Kioussi et al19 reported that Foxl2, also known as pituitary forkhead factor, is expressed in the developing pituitary gland. However, key questions remain concerning the onset of expression, the types of pituitary cells that express Foxl2, and its upstream regulators. Previously, we established the position of Foxl2 in the genetic hierarchy of pituitary development. Foxl2 is co-localized with αGSU only in quiescent cells of the mouse pituitary from E11.5 through adulthood and regulates the αGSU promoter (Cga promoter) in cell culture.20

In contrast to the studies of Foxl2 in the development of mouse pituitary, there have been no extensive studies on FOXL2 expression in human normal pituitaries and in adenomas. This study aimed to elucidate whether the FOXL2 expression is related to functional differentiation in human pituitaries.
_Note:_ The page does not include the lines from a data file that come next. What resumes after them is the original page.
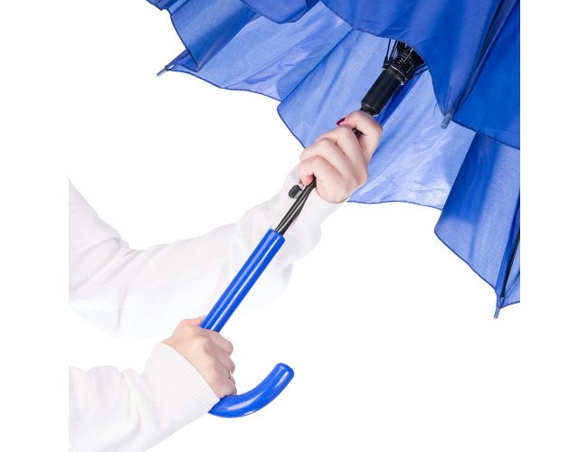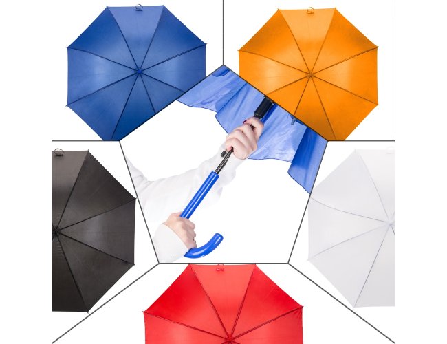 Guarda-chuva colorido com tecido de nylon e abertura automática, basta acionar o botão inferior. Personalizado com a sua logomarca. Possui 8 varetas pretas de aço, pegador e bico superior de plástico.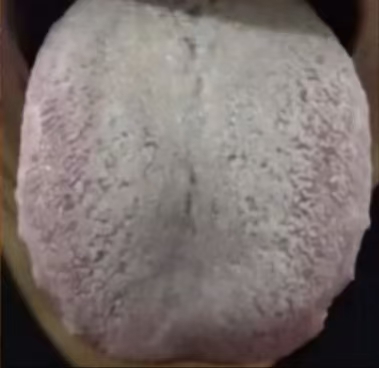 Today let’s talk about this inexpensive Huoxiang Zhengqi Liquid — it’s quite effective at clearing thick greasy coating. Look at this tongue image: the tongue coating is white and greasy, like heavy snowfall. This is not just a problem of excessive dampness; it’s typical cold-damp turbidity, obstructing the spleen, stomach, and intestines.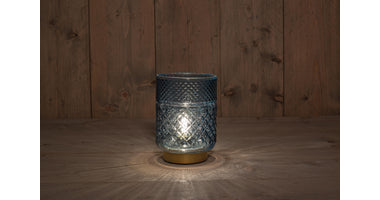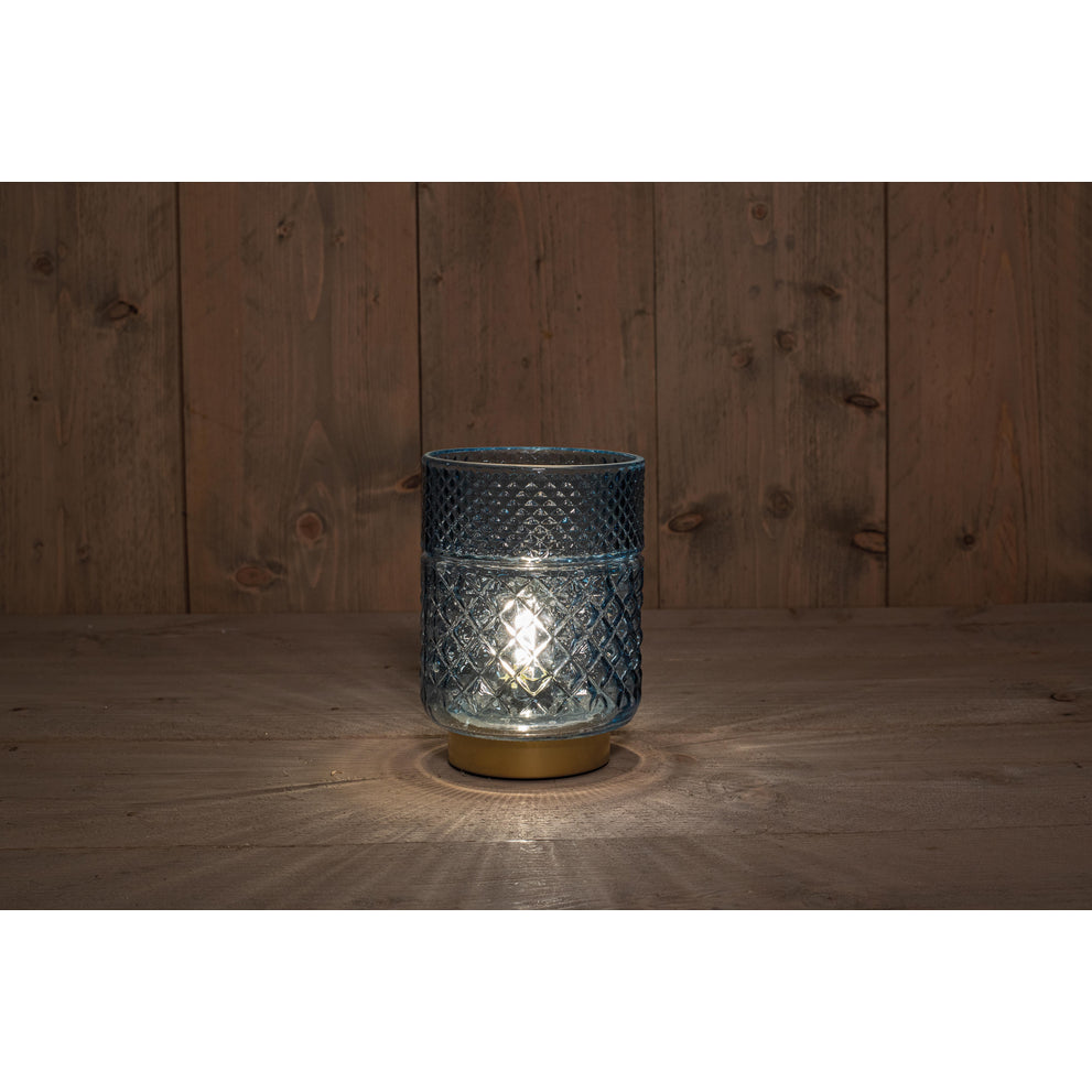B.O. GLAZEN LAMP BLAUW MET GOUDEN VOET 12X17,5CM - 2XAAA
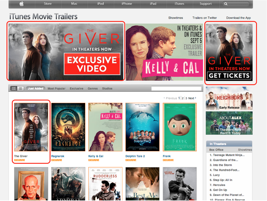 Throughout the Online PR campaign for the theatrical release of THE GIVER, Submersive organized a wide range of attention-grabbing promotions, including more than 15 exclusive content debuts, 35 interviews with members of the cast, 20 editorial features, 5 social chats, and over 700 individual articles.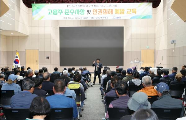 [중앙뉴스라인, 이상권기자] 고흥군은 26일 군청 우주홀에서 외국인 계절근로자 제도의 안정적 운영을 위해 2026년 상반기 계절근로자 프로그램 고용주 교육을 실시하고, 근로환경 개선과 인권 보호를 위한 지원 대책을 추진하고 있다고 밝혔다.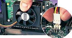 2. Вставьте новый картридж процессора. Выньте новый процессор из защитной упаковки. Чтобы определить, как правильно сориентировать картридж относительно разъема системной платы, обратитесь к Руководству пользователя на процессор. Осторожно установите картридж в рамку (пока он не окажется над разъемом). Затем нажмите на него, чтобы он зафиксировался рычажками в рамке. Наконец, подсоедините кабель питания вентилятора к соответствующему разъему системной платы.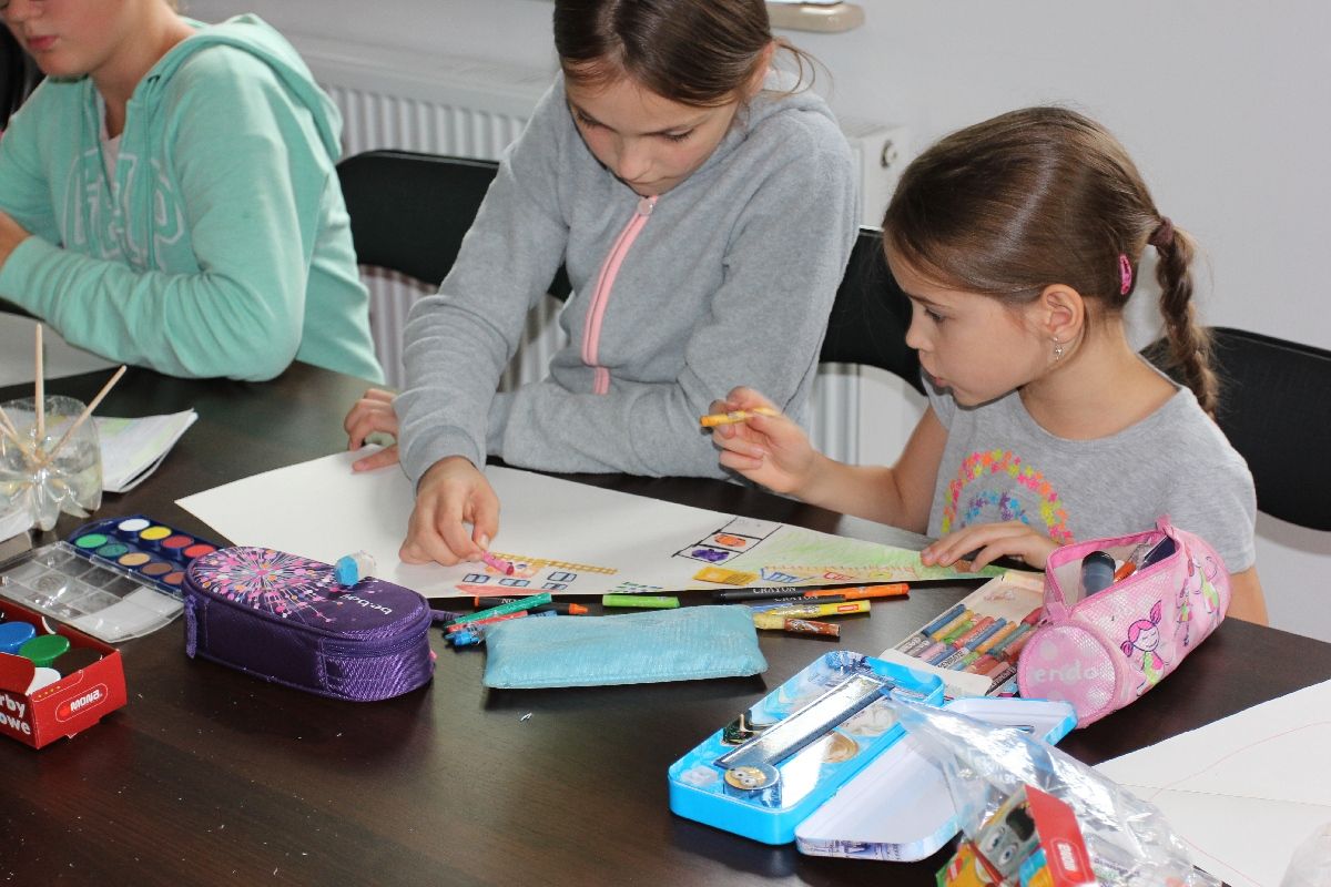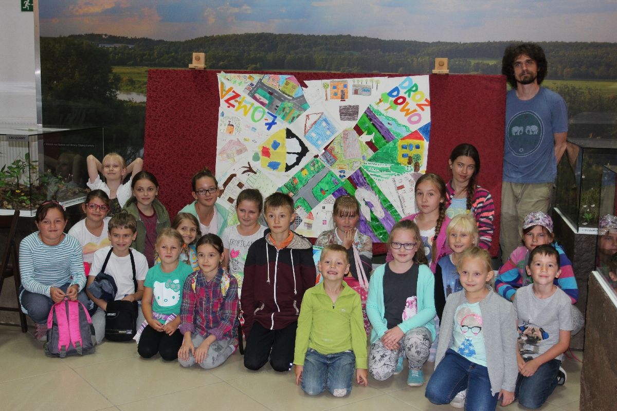 Wspólnie rysowano krajobrazy, budynki, siedzibę Muzeum, czyli zabytkowy dwór Lutosławskich, a także własne domy oraz widoki kojarzone przez dzieci z ich najbliższą okolicą i miejscem zamieszkania. Wszystko to złożyło się w jedną całość i tak powstała Mapa Drozdowskiego Świata – efekt finalny warsztatów.

Our present study deals with the localization of FOXL2 in human pituitaries and various types of adenomas. Our results suggest a novel role for FOXL2 in human pituitaries.

Materials and methods

Clinical Characteristics of Human Pituitary Specimens

Specimens of pituitary adenomas were obtained at the time of trans-sphenoidal surgery from 67 patients at the Nippon Medical School and its affiliated hospitals. Three normal pituitaries were obtained at autopsy from adult individuals without pituitary disorders. Pituitary adenomas were classified on the basis of clinical and biological findings, including the baseline hormone and dynamic testing. The clinical and endocrinologic features were as follows: 19 patients with GH-producing adenomas and symptoms of acromegaly; 9 PRL-producing adenomas; 8 ACTH-producing adenomas and typical Cushing's syndrome; 5 TSH-producing adenomas; 26 non-functioning adenomas that presented no clinical evidence of anterior pituitary hormone excess and did not show high serum concentrations of any of the anterior pituitary hormone except mild hyperprolactinemia (<100 ng/ml) and included 11 null cell adenomas (hormone immunonegative) and 15 gonadotropin-subunit-producing adenomas. These adenomas were classified based on their clinical manifestation, biological function, and morphology including immunohistochemistry and ultrastructure.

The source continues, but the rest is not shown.